Task statement:
Please keep the pictures out and write out exactly the lines from the first in the data below through the one containing "Hybrid, 4x260Wp Amerisolar, 6x260Wp", both included.

The data:
════

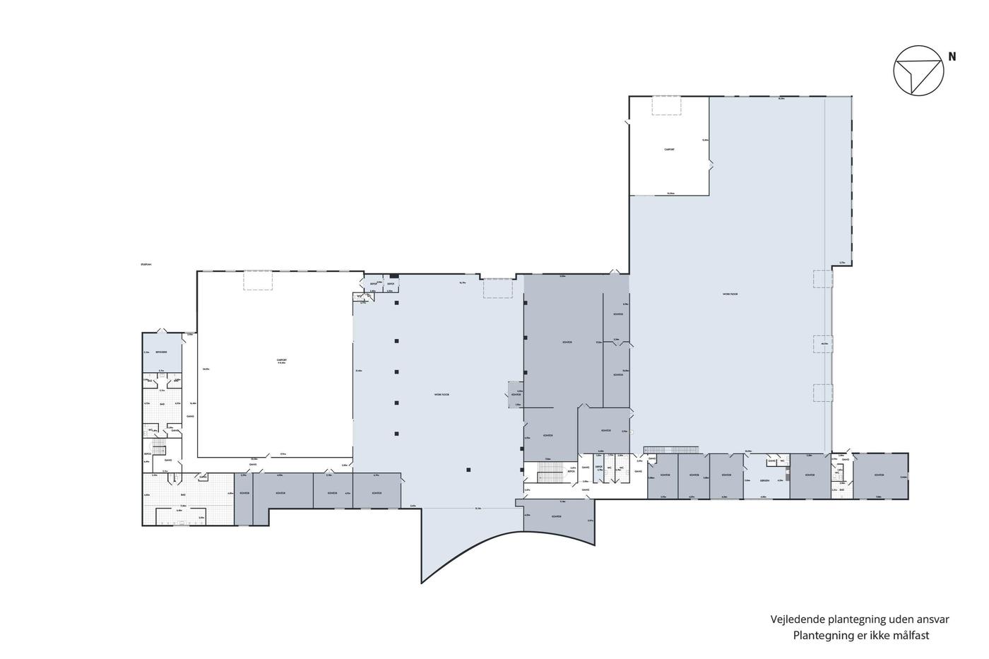 Produktionsafsnittet er opdelt i flere afsnit med forskellige loftshøjder på hhv. 6,6 m., 3,5 m. og 7,9 m. Afsnittet med trykkerimaskinen har 18,5 m. til loft og gennembryder etagedæk i en del af afsnittet og her forefindes en kraftig loftskran for udnyttelse af de øvre dæk. Der er adgang til alle afsnit via porte hvoraf en enkelt med læsserampe. Produktionsareal 3.962 m².
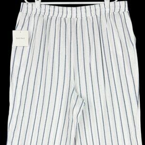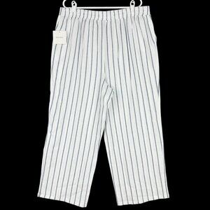 NWT Ellen Tracy Women's Linen Blend Pull-on Straight White Blue Stripe Pants Size XL
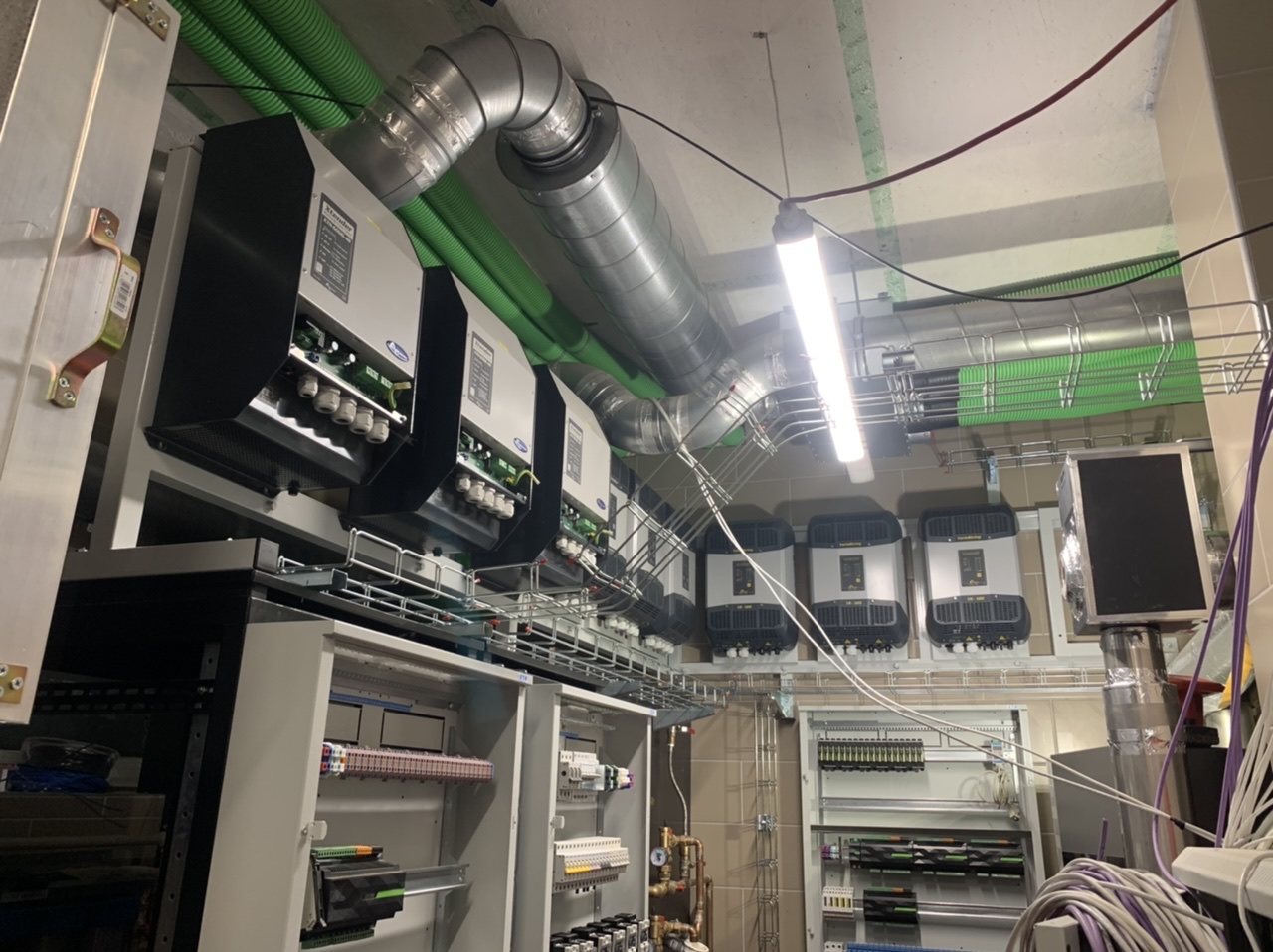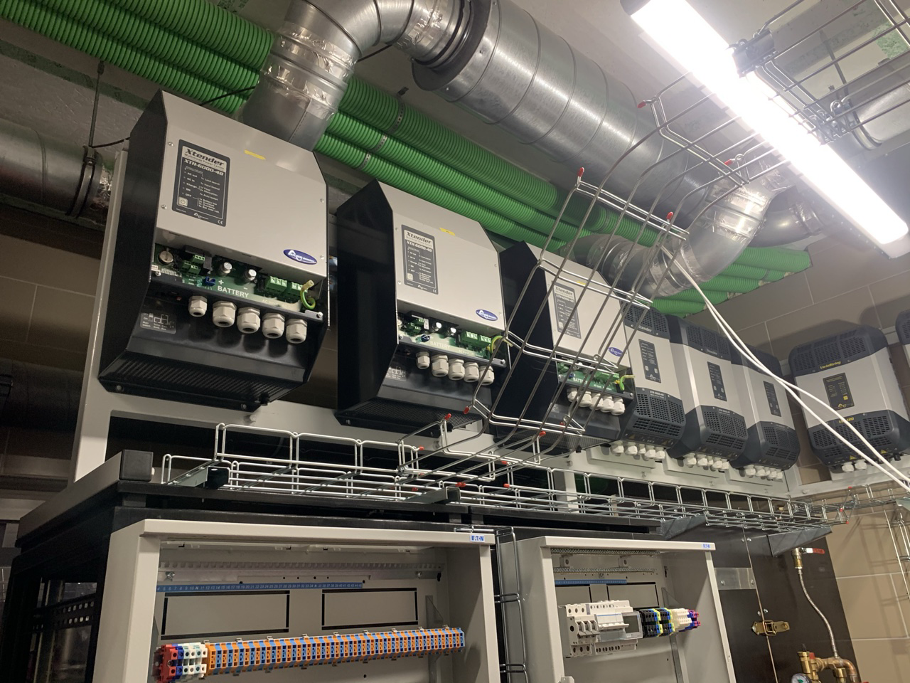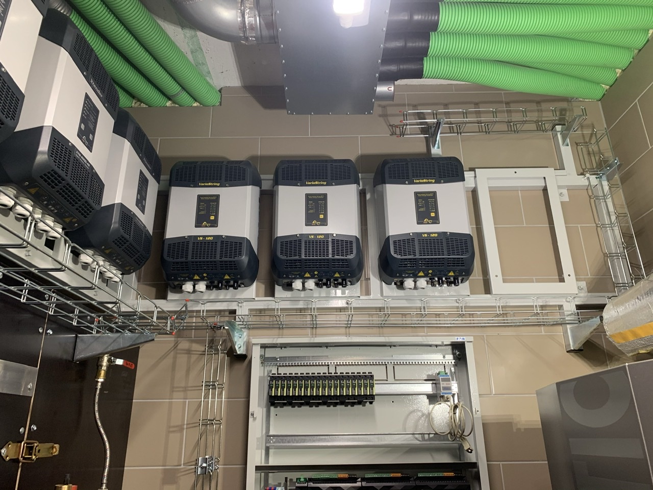 Hybrid, 4x260Wp Amerisolar, 6x260Wp Mono CSun, 2x260Wp Aleo, 9x 230Wp JuliSolar, 32x Astronergy 245Wp, 3f-Victron Energy Multiplus 48/5000, 750 Ah trakčná, 800 Ah OPzV stacionarne, 3xMPPT Victron Energy 150/70-Tr, 1xMPPT Victron Energy 150/45-Tr, AC-out Coupling Fronius Symo 4.5-3-M
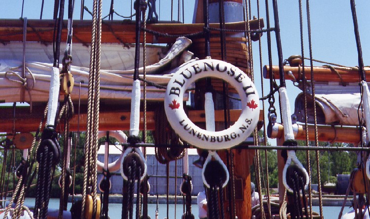 - Last voyage of the Bluenose II through Welland Canal and the Great Lakes close-up of main mast

════

Task response:
 Produktionsafsnittet er opdelt i flere afsnit med forskellige loftshøjder på hhv. 6,6 m., 3,5 m. og 7,9 m. Afsnittet med trykkerimaskinen har 18,5 m. til loft og gennembryder etagedæk i en del af afsnittet og her forefindes en kraftig loftskran for udnyttelse af de øvre dæk. Der er adgang til alle afsnit via porte hvoraf en enkelt med læsserampe. Produktionsareal 3.962 m².
 NWT Ellen Tracy Women's Linen Blend Pull-on Straight White Blue Stripe Pants Size XL
 Hybrid, 4x260Wp Amerisolar, 6x260Wp Mono CSun, 2x260Wp Aleo, 9x 230Wp JuliSolar, 32x Astronergy 245Wp, 3f-Victron Energy Multiplus 48/5000, 750 Ah trakčná, 800 Ah OPzV stacionarne, 3xMPPT Victron Energy 150/70-Tr, 1xMPPT Victron Energy 150/45-Tr, AC-out Coupling Fronius Symo 4.5-3-M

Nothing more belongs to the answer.